**ACTIVITY**
From the line containing "在竹山县新时代文明实践中心会" through the last line of the entries below, transcribe each line exactly, excluding any picture.

**SOURCE MATERIAL**
'''

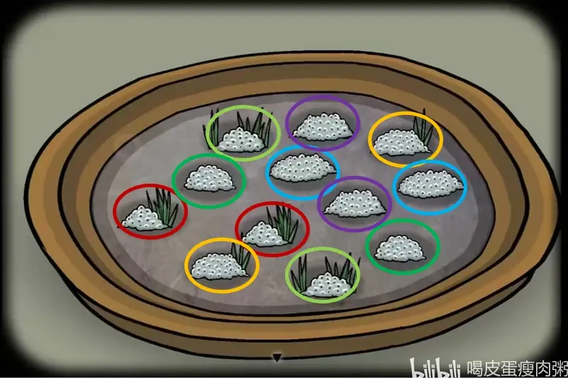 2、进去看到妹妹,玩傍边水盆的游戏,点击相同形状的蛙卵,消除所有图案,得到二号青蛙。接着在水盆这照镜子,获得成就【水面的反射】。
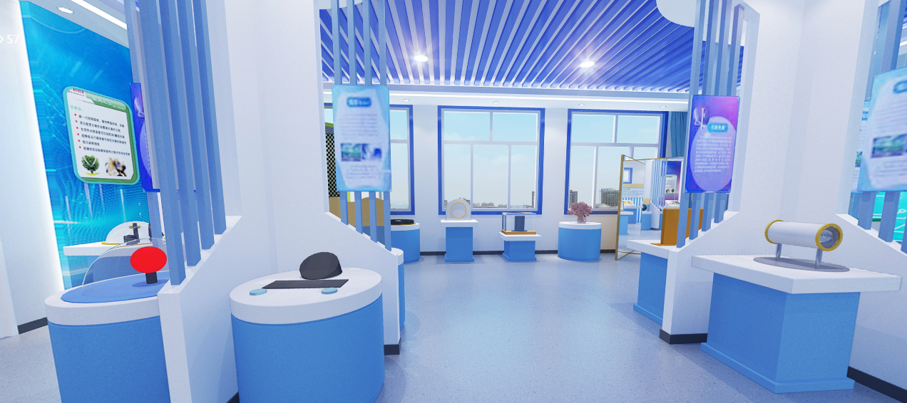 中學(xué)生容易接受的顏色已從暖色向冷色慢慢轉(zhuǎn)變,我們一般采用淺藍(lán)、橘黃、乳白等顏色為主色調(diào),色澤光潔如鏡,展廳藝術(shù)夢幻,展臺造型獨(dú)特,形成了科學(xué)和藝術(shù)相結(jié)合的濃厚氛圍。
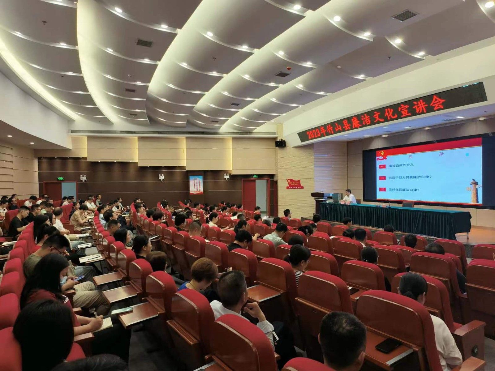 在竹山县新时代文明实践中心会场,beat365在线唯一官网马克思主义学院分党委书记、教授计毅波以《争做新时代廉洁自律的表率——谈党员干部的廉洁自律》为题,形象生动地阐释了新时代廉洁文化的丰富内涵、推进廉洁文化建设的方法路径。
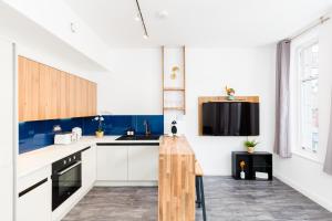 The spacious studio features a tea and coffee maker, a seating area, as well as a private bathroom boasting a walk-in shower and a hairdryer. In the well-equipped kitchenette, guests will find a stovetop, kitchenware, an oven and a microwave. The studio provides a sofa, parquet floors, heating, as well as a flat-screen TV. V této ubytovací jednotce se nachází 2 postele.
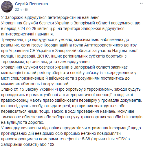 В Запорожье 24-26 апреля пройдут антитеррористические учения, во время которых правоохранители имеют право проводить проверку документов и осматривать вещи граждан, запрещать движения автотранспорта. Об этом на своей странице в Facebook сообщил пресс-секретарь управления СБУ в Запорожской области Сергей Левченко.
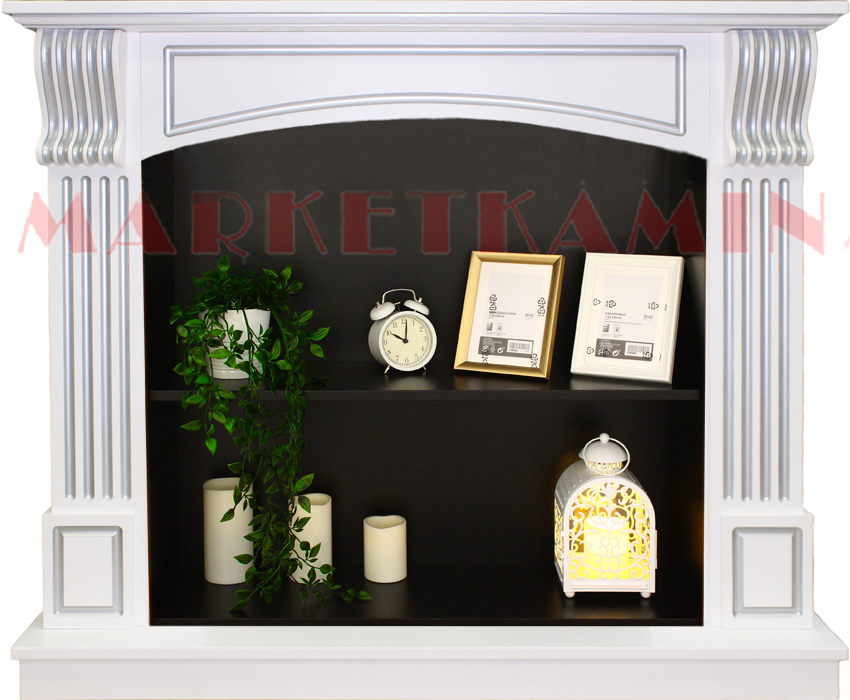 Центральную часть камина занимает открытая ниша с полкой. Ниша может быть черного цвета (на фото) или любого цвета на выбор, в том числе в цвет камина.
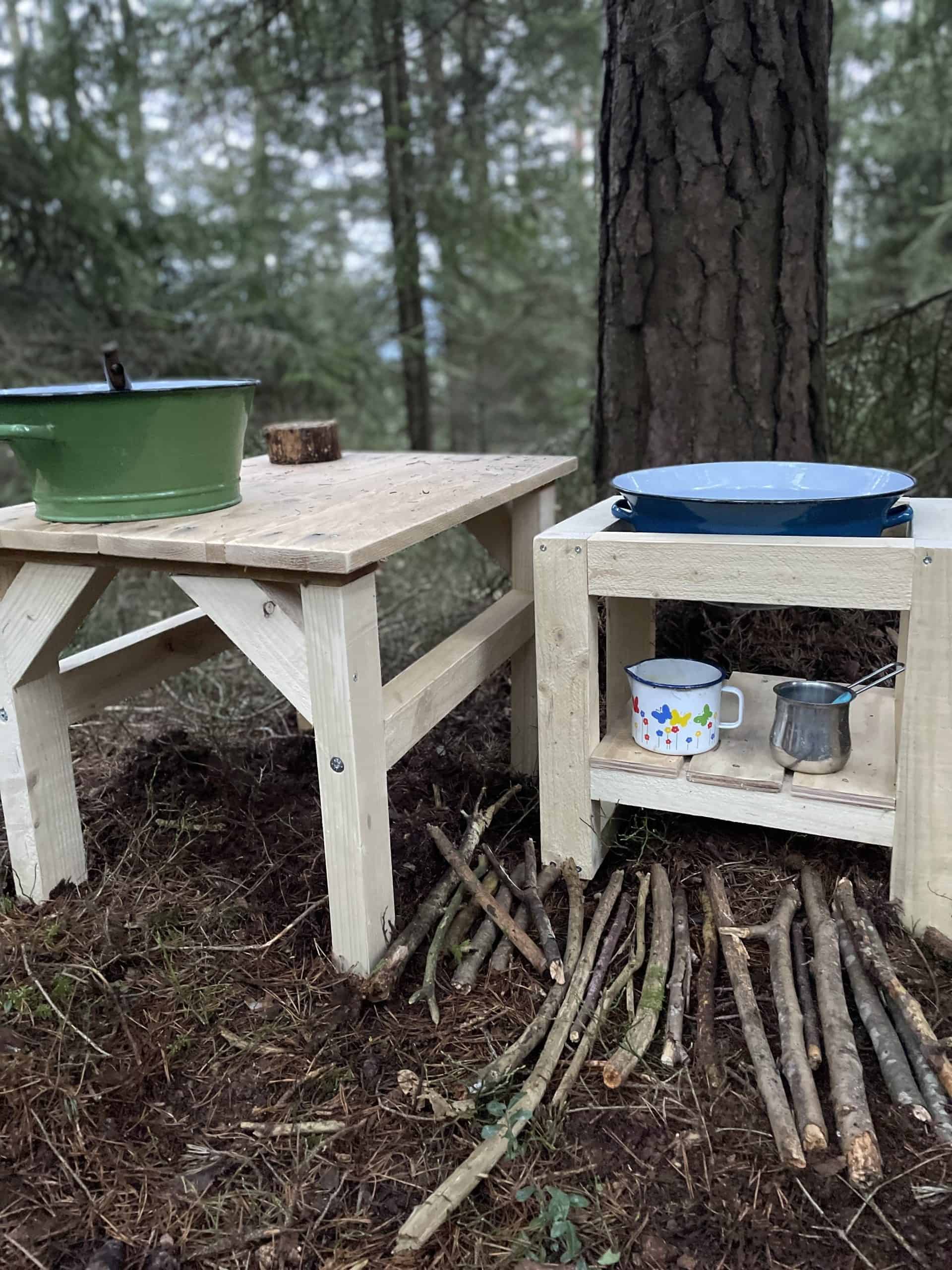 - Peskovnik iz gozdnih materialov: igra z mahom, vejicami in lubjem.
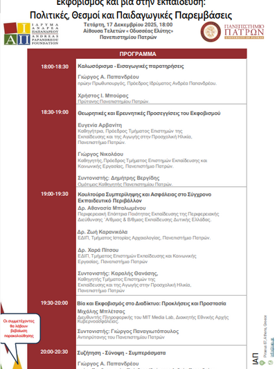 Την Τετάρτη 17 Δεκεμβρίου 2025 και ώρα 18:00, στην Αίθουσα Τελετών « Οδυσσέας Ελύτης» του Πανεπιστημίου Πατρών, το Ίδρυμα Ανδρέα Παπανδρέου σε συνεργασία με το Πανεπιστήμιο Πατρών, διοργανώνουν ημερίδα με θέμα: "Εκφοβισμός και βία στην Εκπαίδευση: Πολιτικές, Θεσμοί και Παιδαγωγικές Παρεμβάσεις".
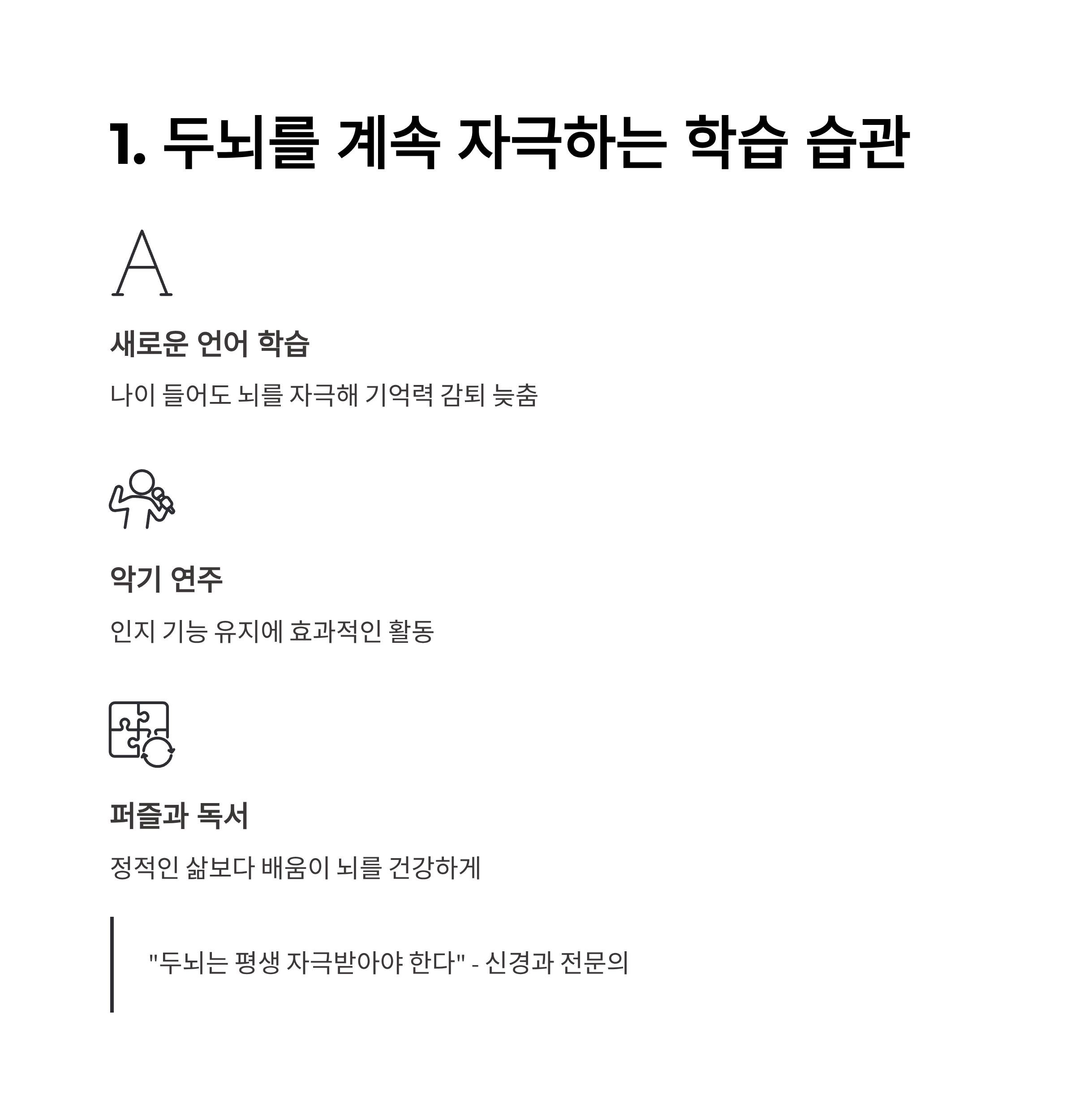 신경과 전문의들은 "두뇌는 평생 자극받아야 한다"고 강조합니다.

'''

**RESULT OF THE TASK**
 在竹山县新时代文明实践中心会场,beat365在线唯一官网马克思主义学院分党委书记、教授计毅波以《争做新时代廉洁自律的表率——谈党员干部的廉洁自律》为题,形象生动地阐释了新时代廉洁文化的丰富内涵、推进廉洁文化建设的方法路径。
 The spacious studio features a tea and coffee maker, a seating area, as well as a private bathroom boasting a walk-in shower and a hairdryer. In the well-equipped kitchenette, guests will find a stovetop, kitchenware, an oven and a microwave. The studio provides a sofa, parquet floors, heating, as well as a flat-screen TV. V této ubytovací jednotce se nachází 2 postele.
 В Запорожье 24-26 апреля пройдут антитеррористические учения, во время которых правоохранители имеют право проводить проверку документов и осматривать вещи граждан, запрещать движения автотранспорта. Об этом на своей странице в Facebook сообщил пресс-секретарь управления СБУ в Запорожской области Сергей Левченко.
 Центральную часть камина занимает открытая ниша с полкой. Ниша может быть черного цвета (на фото) или любого цвета на выбор, в том числе в цвет камина.
 - Peskovnik iz gozdnih materialov: igra z mahom, vejicami in lubjem.
 Την Τετάρτη 17 Δεκεμβρίου 2025 και ώρα 18:00, στην Αίθουσα Τελετών « Οδυσσέας Ελύτης» του Πανεπιστημίου Πατρών, το Ίδρυμα Ανδρέα Παπανδρέου σε συνεργασία με το Πανεπιστήμιο Πατρών, διοργανώνουν ημερίδα με θέμα: "Εκφοβισμός και βία στην Εκπαίδευση: Πολιτικές, Θεσμοί και Παιδαγωγικές Παρεμβάσεις".
 신경과 전문의들은 "두뇌는 평생 자극받아야 한다"고 강조합니다.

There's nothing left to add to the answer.